What to work on. A line below contains "بدأت منذ قليل؛", and a later one contains "袖丈50cm-60cm 7990-9980 二万以下". Repeat both, with every line between them, exactly.

Given entries.

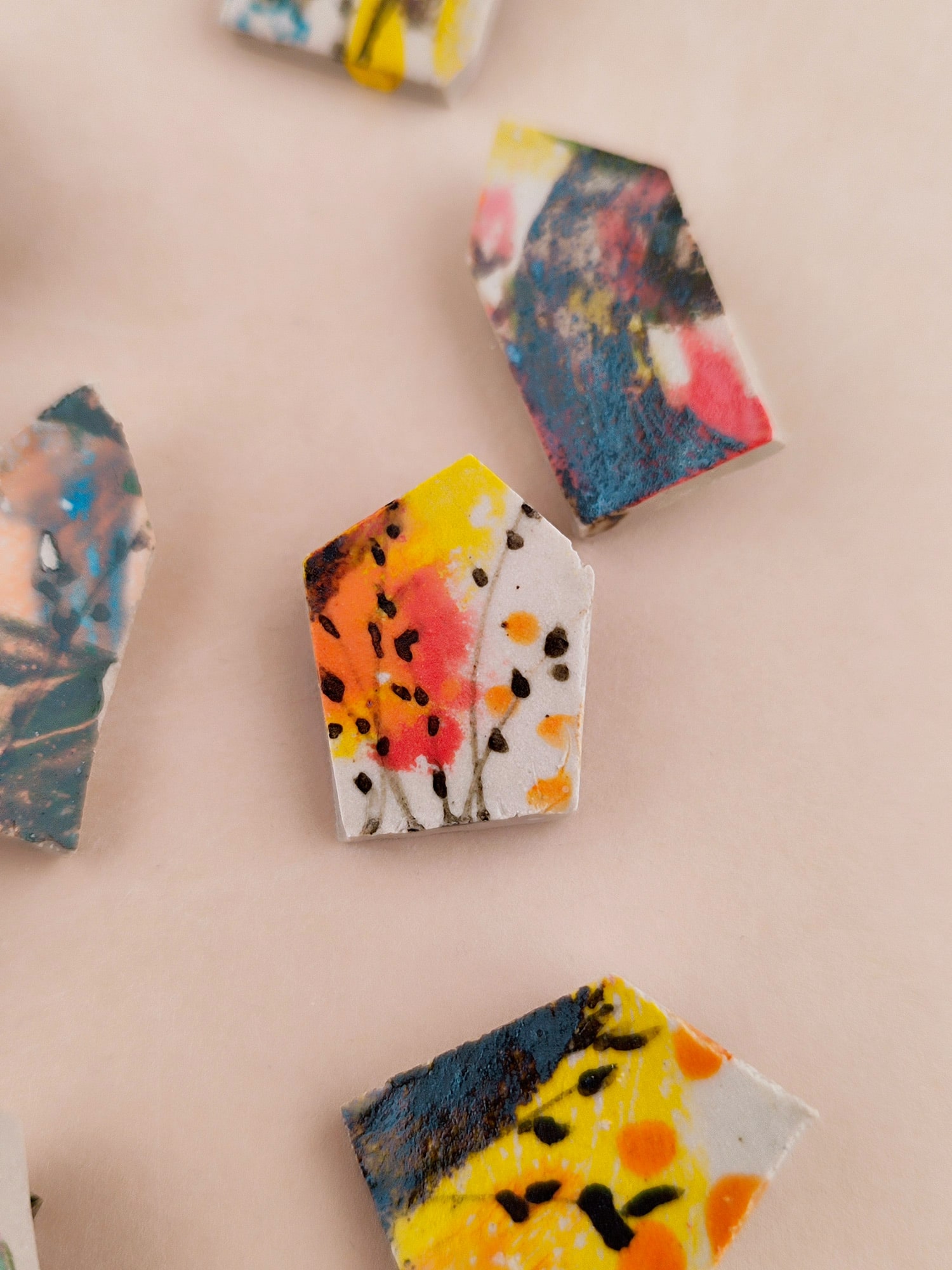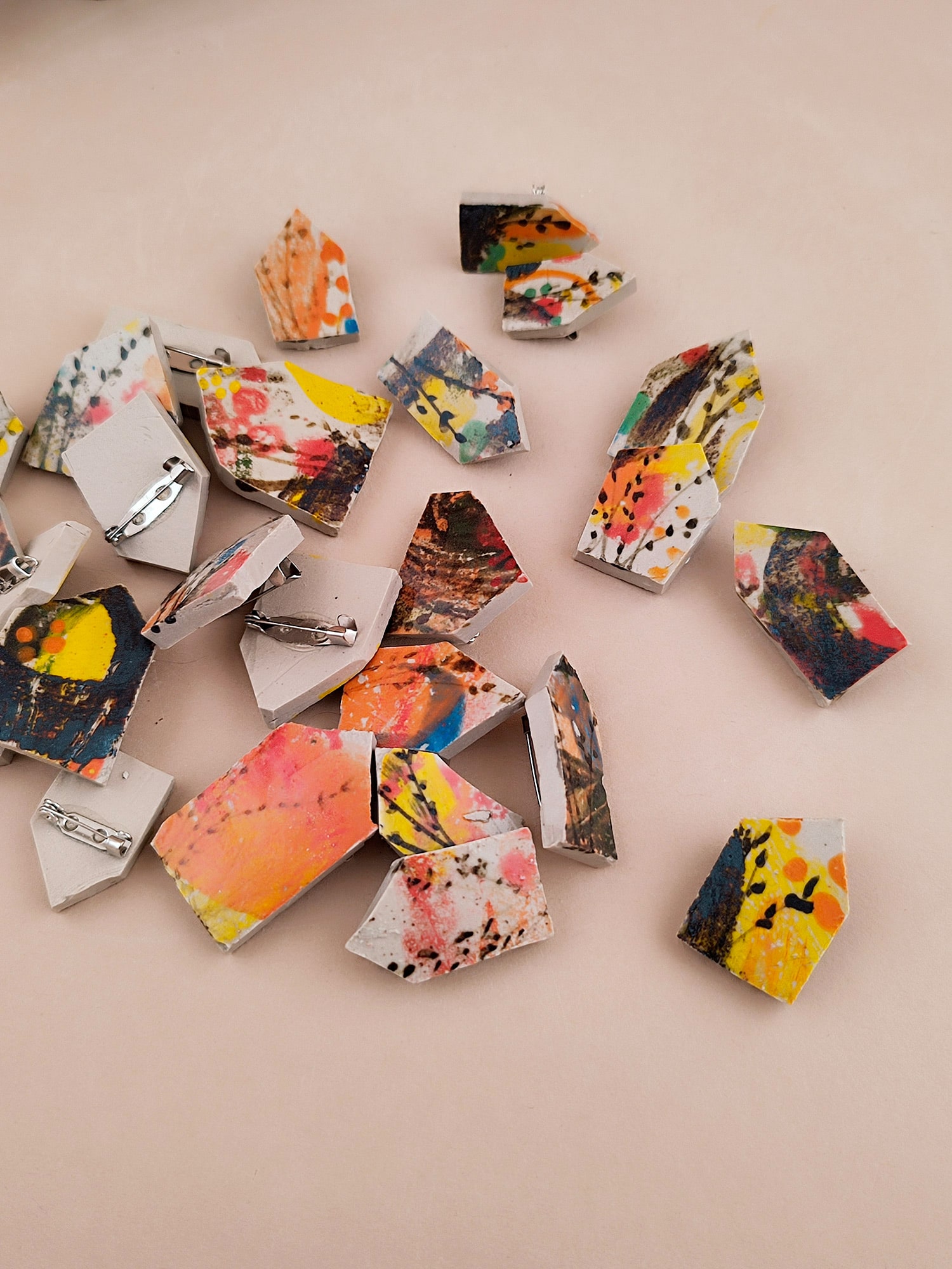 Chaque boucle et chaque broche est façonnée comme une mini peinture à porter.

* * *

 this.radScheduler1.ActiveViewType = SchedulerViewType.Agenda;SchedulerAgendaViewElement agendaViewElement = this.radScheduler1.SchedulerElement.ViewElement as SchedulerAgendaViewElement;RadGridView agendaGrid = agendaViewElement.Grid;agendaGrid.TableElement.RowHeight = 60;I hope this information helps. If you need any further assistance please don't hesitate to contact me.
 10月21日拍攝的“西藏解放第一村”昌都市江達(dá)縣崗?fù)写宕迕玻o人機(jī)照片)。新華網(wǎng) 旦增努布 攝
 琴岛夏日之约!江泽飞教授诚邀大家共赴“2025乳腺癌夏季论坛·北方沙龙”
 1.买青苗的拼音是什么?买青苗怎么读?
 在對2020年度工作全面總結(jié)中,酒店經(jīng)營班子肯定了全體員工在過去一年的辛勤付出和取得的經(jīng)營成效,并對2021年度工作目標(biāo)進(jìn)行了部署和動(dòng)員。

* * *

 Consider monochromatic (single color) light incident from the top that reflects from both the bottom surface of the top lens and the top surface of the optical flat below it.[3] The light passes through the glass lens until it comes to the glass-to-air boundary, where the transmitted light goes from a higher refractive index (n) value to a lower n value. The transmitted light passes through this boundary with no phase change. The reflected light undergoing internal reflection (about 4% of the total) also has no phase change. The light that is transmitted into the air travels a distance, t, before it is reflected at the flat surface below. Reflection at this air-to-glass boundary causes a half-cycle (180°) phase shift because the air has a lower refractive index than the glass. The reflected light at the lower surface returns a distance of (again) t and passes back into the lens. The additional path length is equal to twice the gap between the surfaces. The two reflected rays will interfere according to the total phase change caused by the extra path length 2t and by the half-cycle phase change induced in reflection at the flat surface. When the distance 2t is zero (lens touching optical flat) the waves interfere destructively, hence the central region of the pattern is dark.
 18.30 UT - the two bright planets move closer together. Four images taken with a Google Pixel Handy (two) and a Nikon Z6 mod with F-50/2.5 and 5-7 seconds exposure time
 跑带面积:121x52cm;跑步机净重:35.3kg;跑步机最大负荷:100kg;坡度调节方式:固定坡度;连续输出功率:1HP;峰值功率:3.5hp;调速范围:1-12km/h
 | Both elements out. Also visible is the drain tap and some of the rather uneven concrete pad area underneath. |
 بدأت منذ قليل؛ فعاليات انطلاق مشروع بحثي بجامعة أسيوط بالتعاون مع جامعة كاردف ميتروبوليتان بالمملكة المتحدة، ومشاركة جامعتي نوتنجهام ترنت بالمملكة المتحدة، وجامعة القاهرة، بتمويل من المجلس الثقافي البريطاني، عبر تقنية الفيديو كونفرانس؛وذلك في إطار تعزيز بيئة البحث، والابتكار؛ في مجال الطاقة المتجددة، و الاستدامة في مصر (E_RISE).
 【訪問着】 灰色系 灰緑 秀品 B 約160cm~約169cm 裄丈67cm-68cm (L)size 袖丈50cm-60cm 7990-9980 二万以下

Answer.
 بدأت منذ قليل؛ فعاليات انطلاق مشروع بحثي بجامعة أسيوط بالتعاون مع جامعة كاردف ميتروبوليتان بالمملكة المتحدة، ومشاركة جامعتي نوتنجهام ترنت بالمملكة المتحدة، وجامعة القاهرة، بتمويل من المجلس الثقافي البريطاني، عبر تقنية الفيديو كونفرانس؛وذلك في إطار تعزيز بيئة البحث، والابتكار؛ في مجال الطاقة المتجددة، و الاستدامة في مصر (E_RISE).
 【訪問着】 灰色系 灰緑 秀品 B 約160cm~約169cm 裄丈67cm-68cm (L)size 袖丈50cm-60cm 7990-9980 二万以下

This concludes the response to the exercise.